## About this task
Beginning with the opening line of the entries, return every line through the one containing "Belo desenho animado", both included, and nothing else. Omit pictures.

### Provided records ###

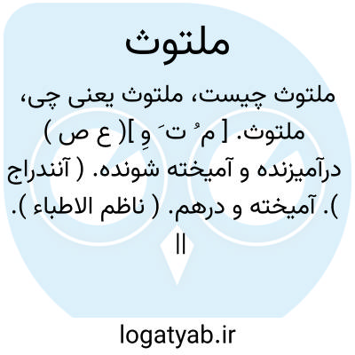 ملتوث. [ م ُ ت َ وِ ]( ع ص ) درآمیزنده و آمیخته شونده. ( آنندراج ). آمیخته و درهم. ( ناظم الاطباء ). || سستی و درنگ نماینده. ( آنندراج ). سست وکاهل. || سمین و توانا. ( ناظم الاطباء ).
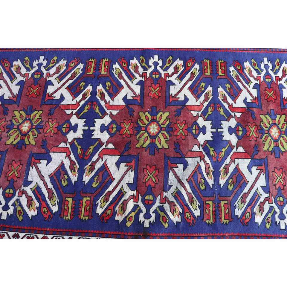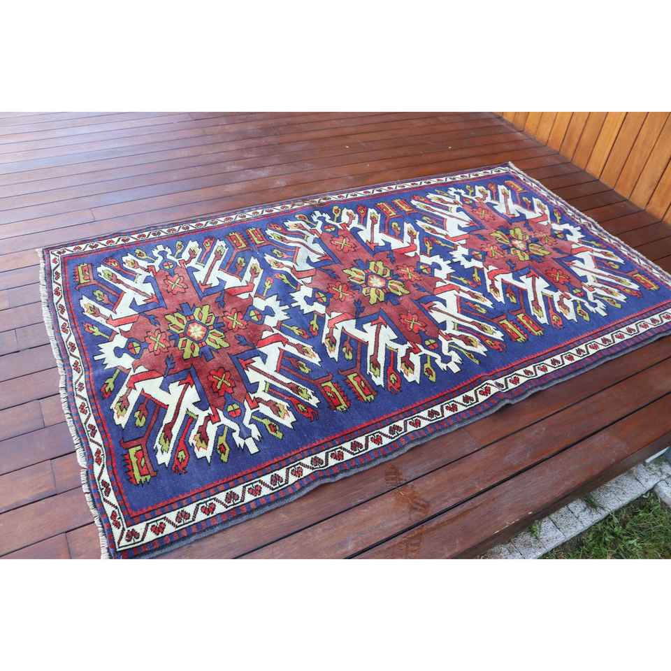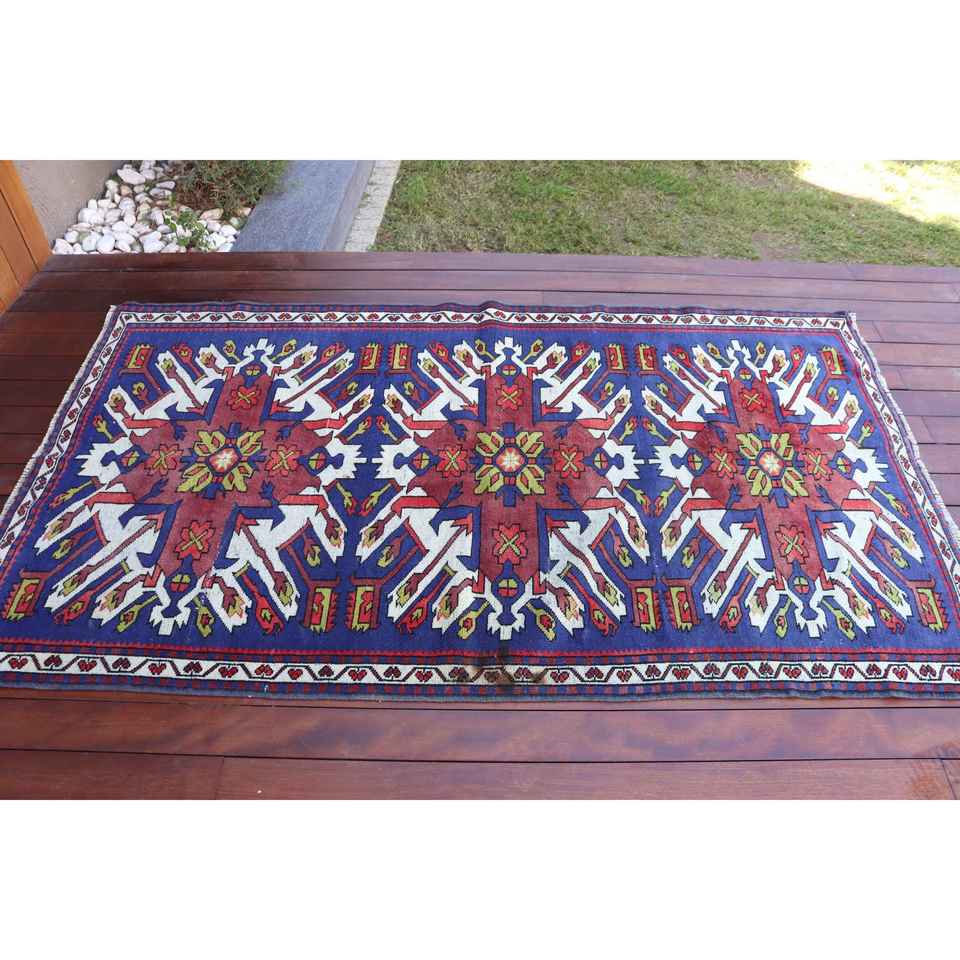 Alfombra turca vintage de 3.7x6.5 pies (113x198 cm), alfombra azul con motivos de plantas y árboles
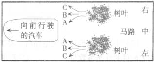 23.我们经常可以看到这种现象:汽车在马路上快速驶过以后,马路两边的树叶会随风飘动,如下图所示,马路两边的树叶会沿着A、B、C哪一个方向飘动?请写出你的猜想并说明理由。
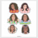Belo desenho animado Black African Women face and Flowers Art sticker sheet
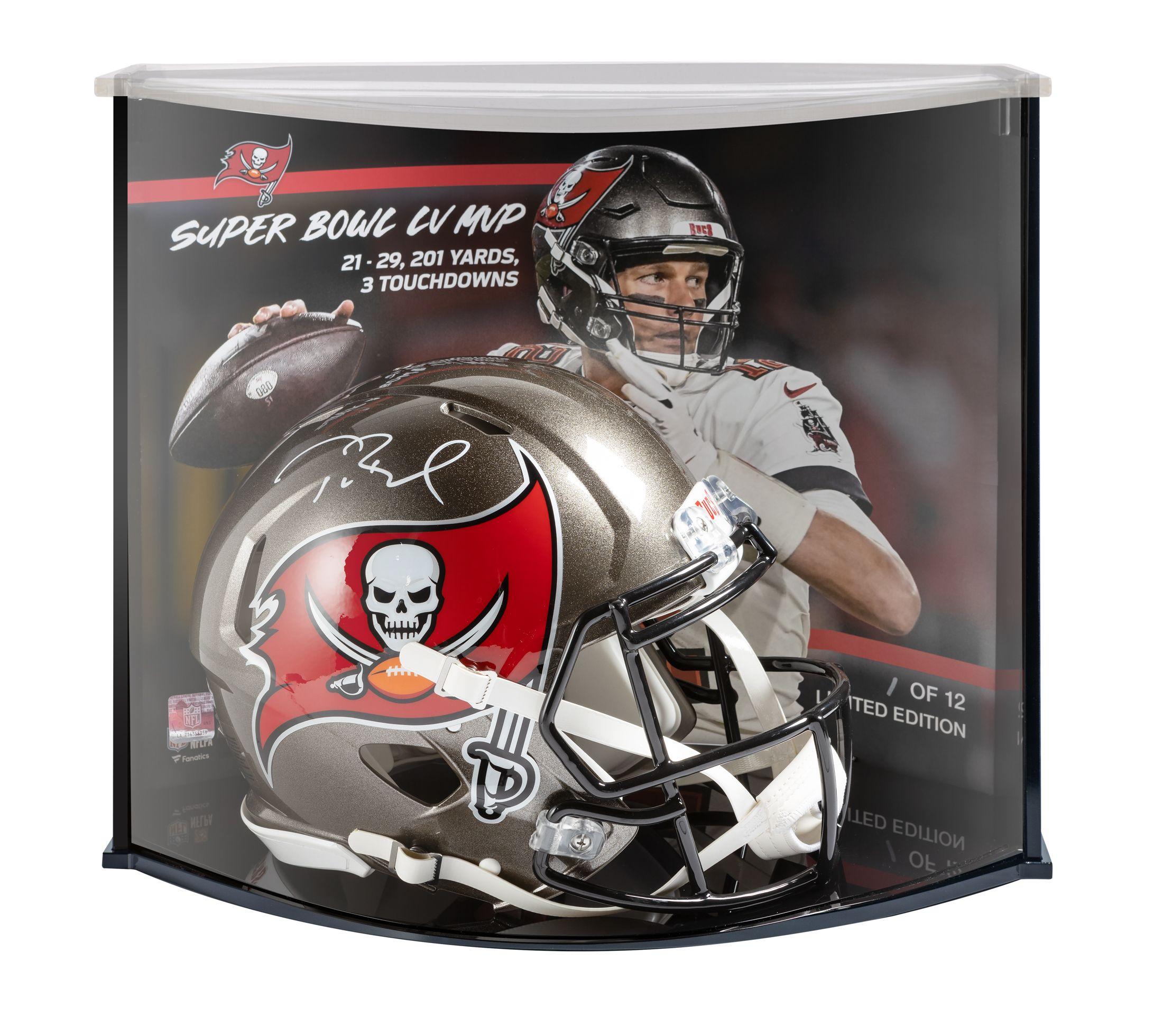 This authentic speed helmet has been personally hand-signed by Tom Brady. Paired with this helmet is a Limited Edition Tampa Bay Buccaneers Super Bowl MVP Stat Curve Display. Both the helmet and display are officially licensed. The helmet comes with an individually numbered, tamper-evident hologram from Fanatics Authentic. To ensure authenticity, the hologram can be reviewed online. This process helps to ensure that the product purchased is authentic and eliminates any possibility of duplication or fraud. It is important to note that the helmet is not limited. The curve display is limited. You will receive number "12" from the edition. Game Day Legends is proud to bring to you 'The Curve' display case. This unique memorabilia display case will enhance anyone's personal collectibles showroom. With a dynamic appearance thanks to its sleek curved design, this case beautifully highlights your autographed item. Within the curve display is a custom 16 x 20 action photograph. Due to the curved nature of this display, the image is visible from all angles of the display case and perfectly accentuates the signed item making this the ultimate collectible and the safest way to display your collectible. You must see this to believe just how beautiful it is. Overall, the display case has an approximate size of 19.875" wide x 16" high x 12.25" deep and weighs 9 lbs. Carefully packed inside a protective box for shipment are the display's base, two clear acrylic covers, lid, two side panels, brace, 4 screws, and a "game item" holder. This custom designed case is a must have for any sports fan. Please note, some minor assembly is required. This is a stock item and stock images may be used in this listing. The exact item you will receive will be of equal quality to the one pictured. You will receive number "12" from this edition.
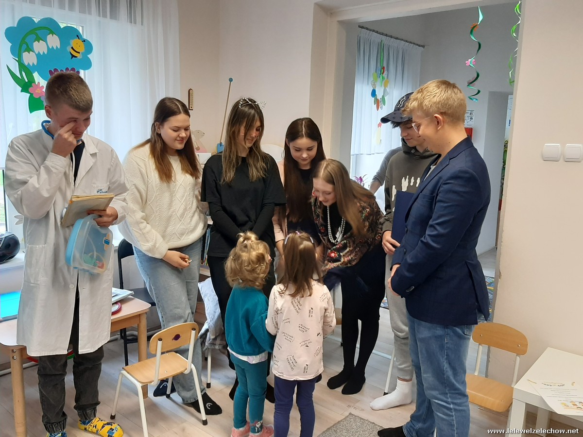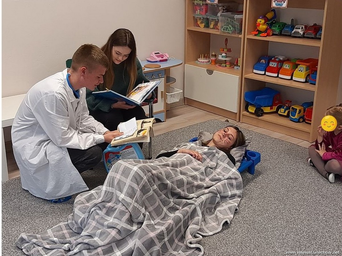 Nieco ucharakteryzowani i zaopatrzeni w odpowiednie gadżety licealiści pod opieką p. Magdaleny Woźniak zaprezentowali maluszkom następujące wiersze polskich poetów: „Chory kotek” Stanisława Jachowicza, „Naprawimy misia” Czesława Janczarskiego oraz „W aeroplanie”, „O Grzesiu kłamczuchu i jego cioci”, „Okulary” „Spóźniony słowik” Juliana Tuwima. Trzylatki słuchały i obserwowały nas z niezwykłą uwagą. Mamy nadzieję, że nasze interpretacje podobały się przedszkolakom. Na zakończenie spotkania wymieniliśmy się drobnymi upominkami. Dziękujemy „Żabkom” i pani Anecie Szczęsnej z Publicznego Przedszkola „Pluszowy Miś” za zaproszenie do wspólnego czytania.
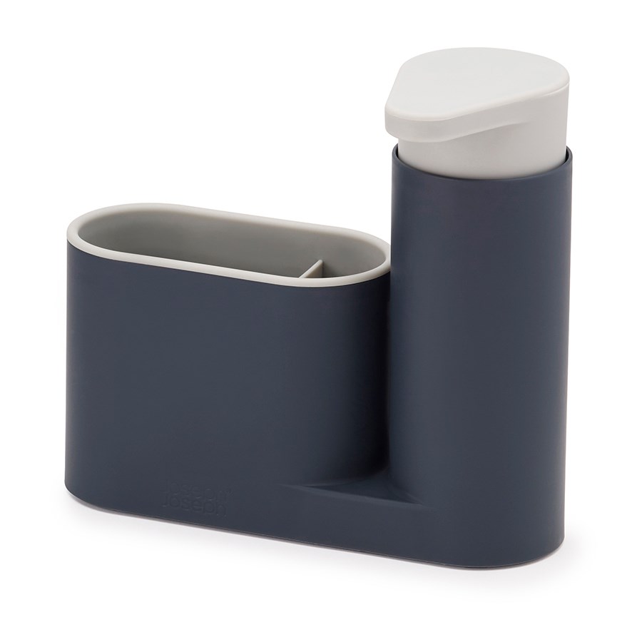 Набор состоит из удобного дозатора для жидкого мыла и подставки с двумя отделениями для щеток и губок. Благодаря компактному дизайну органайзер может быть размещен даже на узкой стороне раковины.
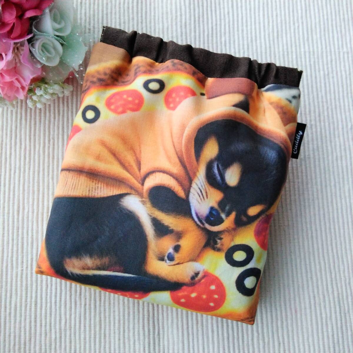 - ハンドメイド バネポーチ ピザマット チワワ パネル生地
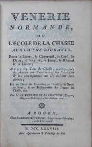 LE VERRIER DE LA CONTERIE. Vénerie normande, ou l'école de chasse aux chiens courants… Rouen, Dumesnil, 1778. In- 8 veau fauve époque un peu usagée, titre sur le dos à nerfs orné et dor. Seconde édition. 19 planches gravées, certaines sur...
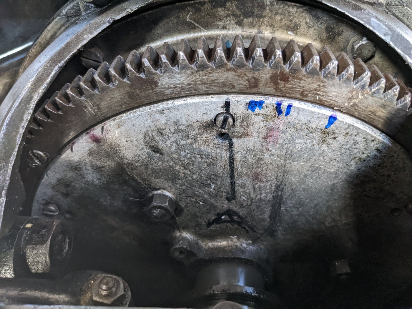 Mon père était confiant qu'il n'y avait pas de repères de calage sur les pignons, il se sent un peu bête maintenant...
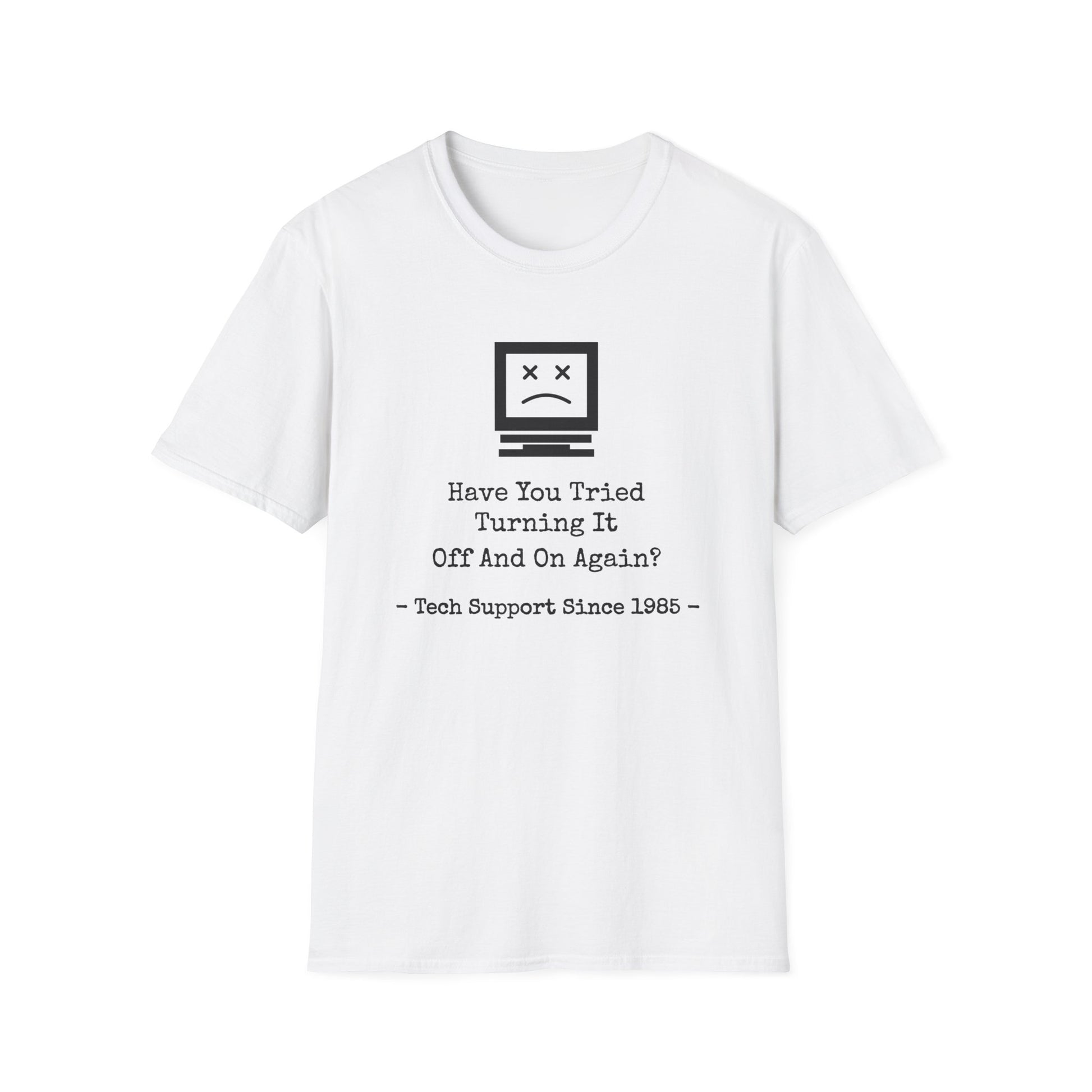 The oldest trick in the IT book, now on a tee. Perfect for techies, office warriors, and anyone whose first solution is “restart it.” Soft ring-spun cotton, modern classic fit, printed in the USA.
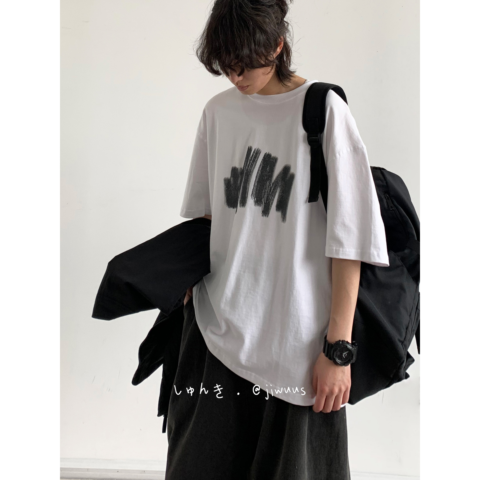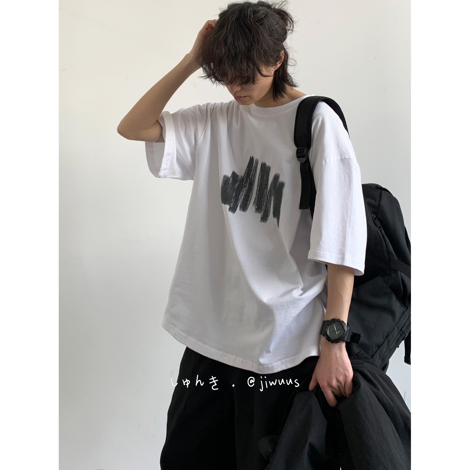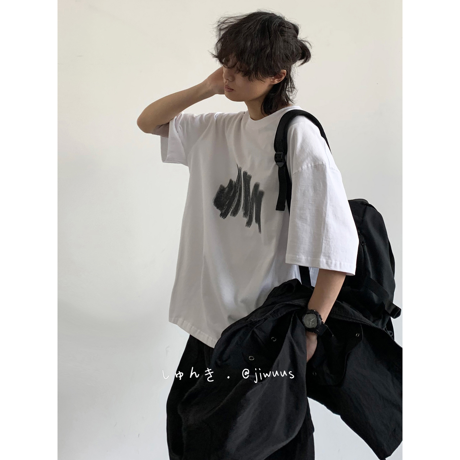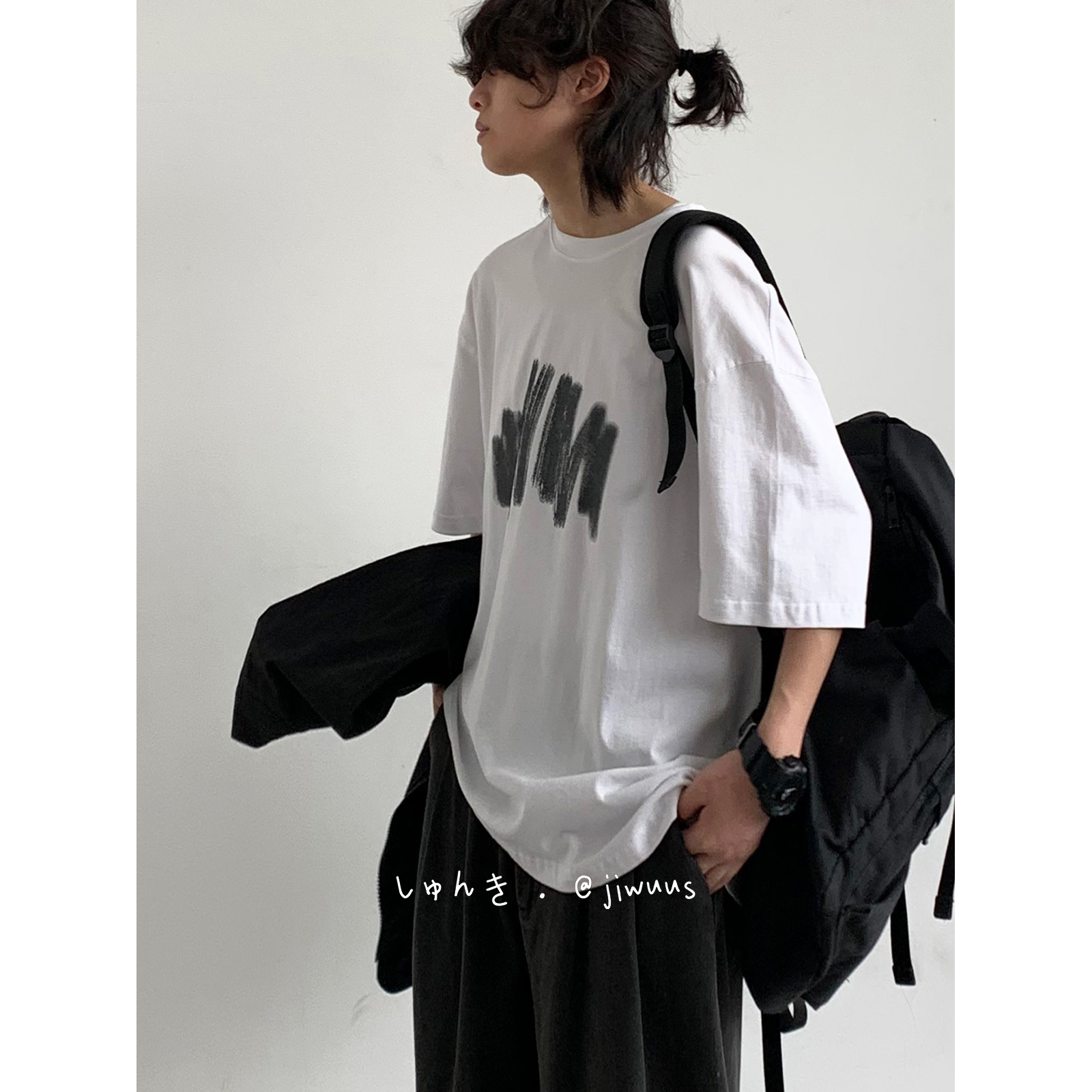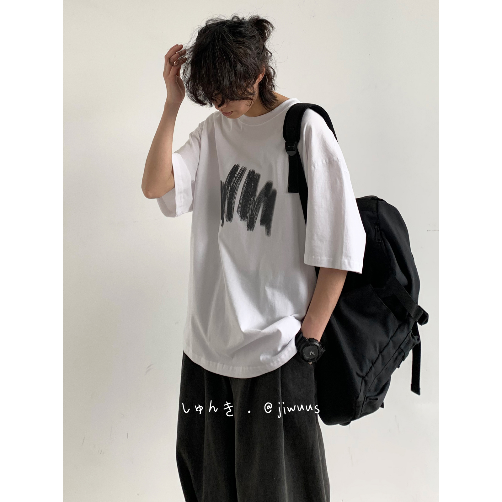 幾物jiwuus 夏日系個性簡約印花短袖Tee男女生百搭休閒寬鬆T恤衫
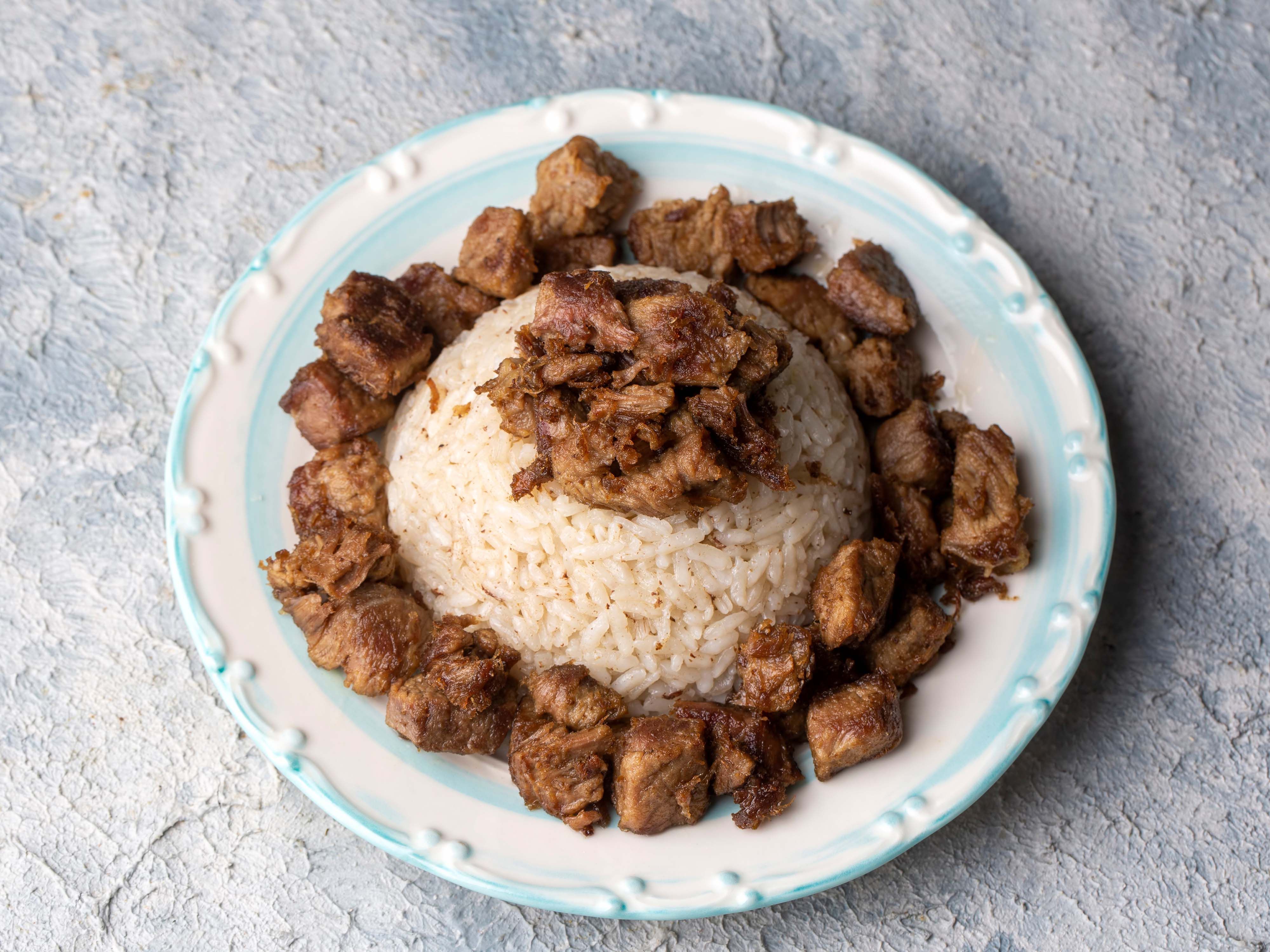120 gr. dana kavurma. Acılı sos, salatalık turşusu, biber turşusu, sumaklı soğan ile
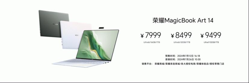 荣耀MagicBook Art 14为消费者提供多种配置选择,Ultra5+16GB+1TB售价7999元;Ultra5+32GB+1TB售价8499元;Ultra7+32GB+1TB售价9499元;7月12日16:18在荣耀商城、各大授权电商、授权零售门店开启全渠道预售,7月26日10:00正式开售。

###

## Answer to the problem
 ملتوث. [ م ُ ت َ وِ ]( ع ص ) درآمیزنده و آمیخته شونده. ( آنندراج ). آمیخته و درهم. ( ناظم الاطباء ). || سستی و درنگ نماینده. ( آنندراج ). سست وکاهل. || سمین و توانا. ( ناظم الاطباء ).
 Alfombra turca vintage de 3.7x6.5 pies (113x198 cm), alfombra azul con motivos de plantas y árboles
 23.我们经常可以看到这种现象:汽车在马路上快速驶过以后,马路两边的树叶会随风飘动,如下图所示,马路两边的树叶会沿着A、B、C哪一个方向飘动?请写出你的猜想并说明理由。
Belo desenho animado Black African Women face and Flowers Art sticker sheet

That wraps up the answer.